# YOUR INSTRUCTIONS
Copy out the data that comes next, character for character, and leave the images aside.
(GIVEN DATA Opens)
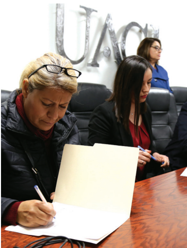
Representantes de instituciones firman convenio con la universidad.
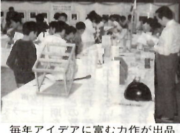
毎年アイデアに富む力作が出品

会期 9月13日(日)～15日(火)、午前9時～午後5時(15日(火)は午後3時まで) 会場 県民会館 対象 市内、勢多郡内(北橋・赤城・富士見・大胡・宮城・柏川)の在住・在勤者 応募要領 ①絵画：日本画・洋画、30号まで、額装(ガラス使用不可) 書道：漢字・かな・新傾向、本表装(仕上げ寸法：横(八三・二・七五)・縦(一・六二・五・三・五五)以内、縦・横いずれでも可、読み方を必ず付け、臨書は出典を明記、写真：白黒・カラー、四つ切り 題材 自由 搬入受付 9月9日(水)午前9時～午後8時、県民会館展示室 表彰 9月15日(火)午後2時から県民会館で、知事賞、市長賞、町村長賞、市議会議員賞ほか 問い合わせ 工業課 内線3615、前橋商工労働事務所 ③2744
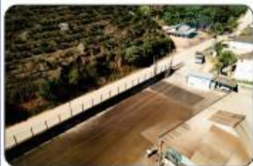
CALÇAMENTO DA VILA DO SALINO
(GIVEN DATA Closes)
# REPLY
Representantes de instituciones firman convenio con la universidad.
毎年アイデアに富む力作が出品

会期 9月13日(日)～15日(火)、午前9時～午後5時(15日(火)は午後3時まで) 会場 県民会館 対象 市内、勢多郡内(北橋・赤城・富士見・大胡・宮城・柏川)の在住・在勤者 応募要領 ①絵画：日本画・洋画、30号まで、額装(ガラス使用不可) 書道：漢字・かな・新傾向、本表装(仕上げ寸法：横(八三・二・七五)・縦(一・六二・五・三・五五)以内、縦・横いずれでも可、読み方を必ず付け、臨書は出典を明記、写真：白黒・カラー、四つ切り 題材 自由 搬入受付 9月9日(水)午前9時～午後8時、県民会館展示室 表彰 9月15日(火)午後2時から県民会館で、知事賞、市長賞、町村長賞、市議会議員賞ほか 問い合わせ 工業課 内線3615、前橋商工労働事務所 ③2744
CALÇAMENTO DA VILA DO SALINO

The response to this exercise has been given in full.